Jan 01 00:00:11 apalis-imx6-10771760 systemd[1]: Started greenboot Health Checks Runner.

Hi @marek.kucinski ,

We recently made some bug fixes on Offline Updates, including one where the containers don’t load correctly after a synchronous update . Can you install the latest TorizonCore 6 nightly version to see if this issue persists?

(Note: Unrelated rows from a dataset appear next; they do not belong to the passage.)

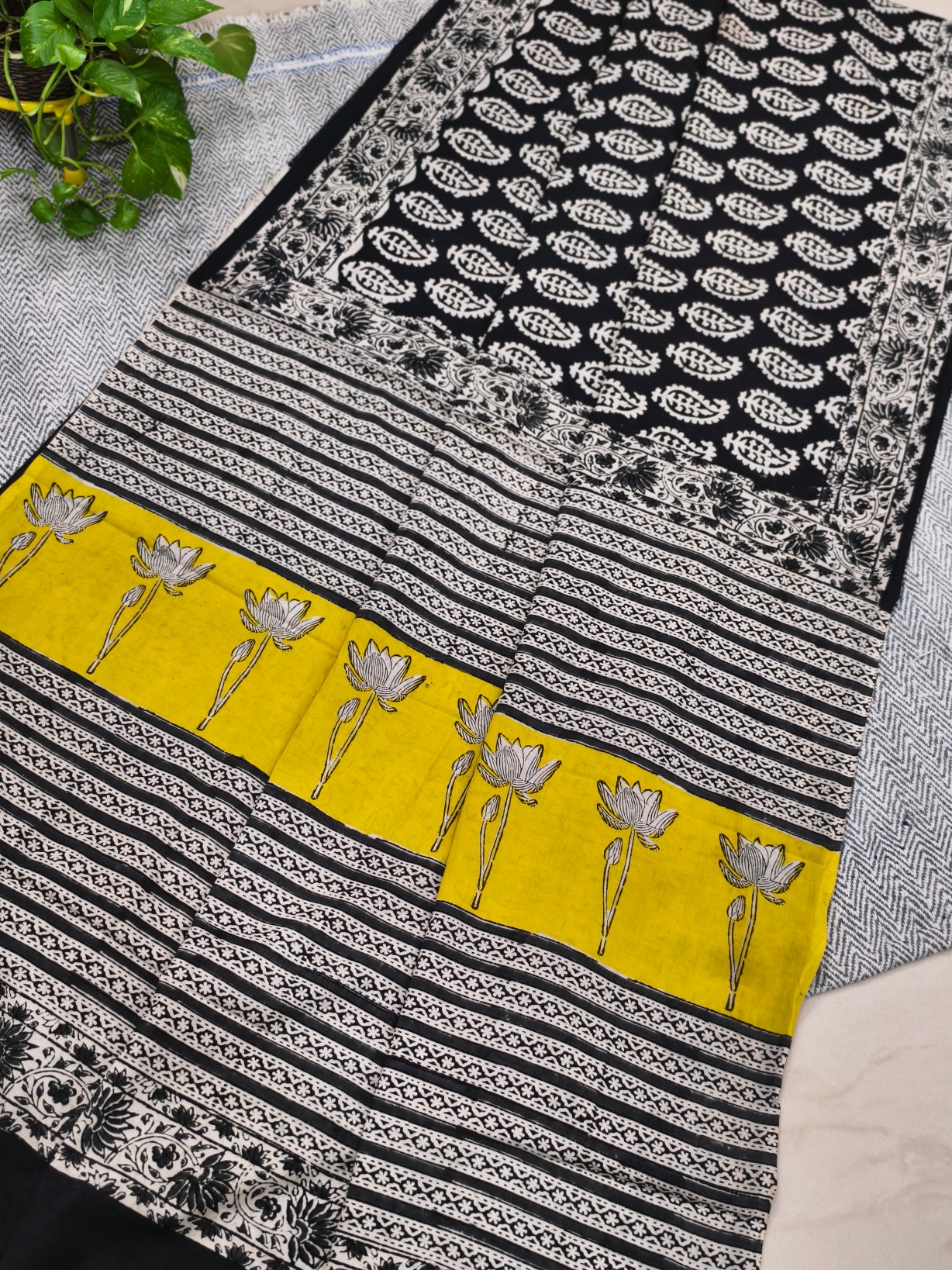 Note : this is Handblock printed product. The process consists of various manual works by artisans. There might be slight irregularities in the motifs, colors & prints. These are not defects but the real sign of handcrafted product.
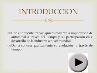 El documento resume la historia del automóvil desde su creación en 1885 hasta el presente. Explica que el primer automóvil con motor de combustión interna fue creado por Karl Benz en 1885 en Alemania. En 1908, Henry Ford comenzó a producir automóviles en cadena de montaje, lo que permitió una producción masiva. El automóvil se ha vuelto el principal medio de transporte y ha evolucionado para ser más seguro, eficiente y menos contaminante a lo largo de los años.
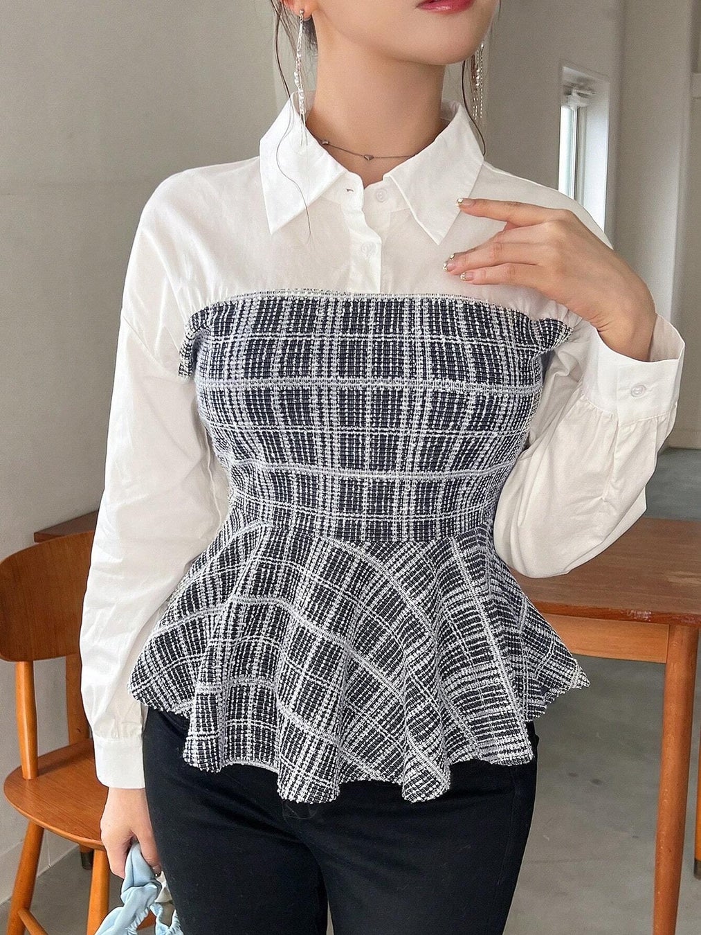 商品名:FRIFUL ウィメンズ チェック柄 ラッフル シャツ
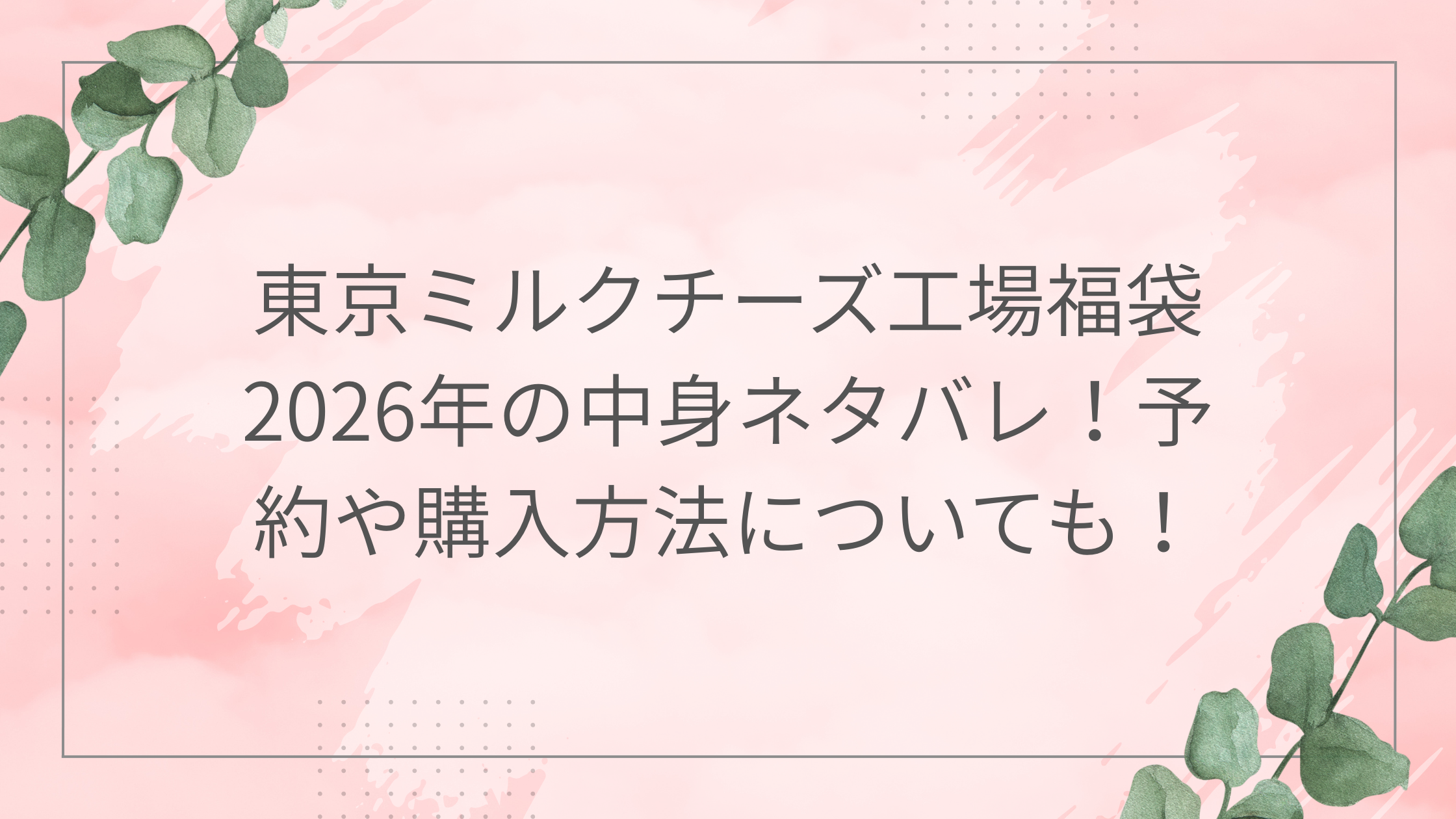 大人気スイーツブランド「東京ミルクチーズ工場」の2026年福袋について、予約や購入方法を中心にまとめてみました。

I also suggest verifying if this problem happens when doing an Offline Update with only the container images, without including an OS update.

Best regards,
Lucas Akira

Hello @marek.kucinski ,

Have you already tested the offline updates on TorizonCore 6 nightly version as @lucas_a.tx has suggested before? Do you have any updates?

Hello @rudhi.tx
i made an attempt to this try, but it was more complicated than expected (see below). I had to postpone it for later diagnosis.

  1. move to TC 6.x is needed,
  2. TC6 is recommended to use Debian Bookworm based containers,
  3. no migration path from 5.7.0 to 6.x is prepared.

Therefore I need more time to test it.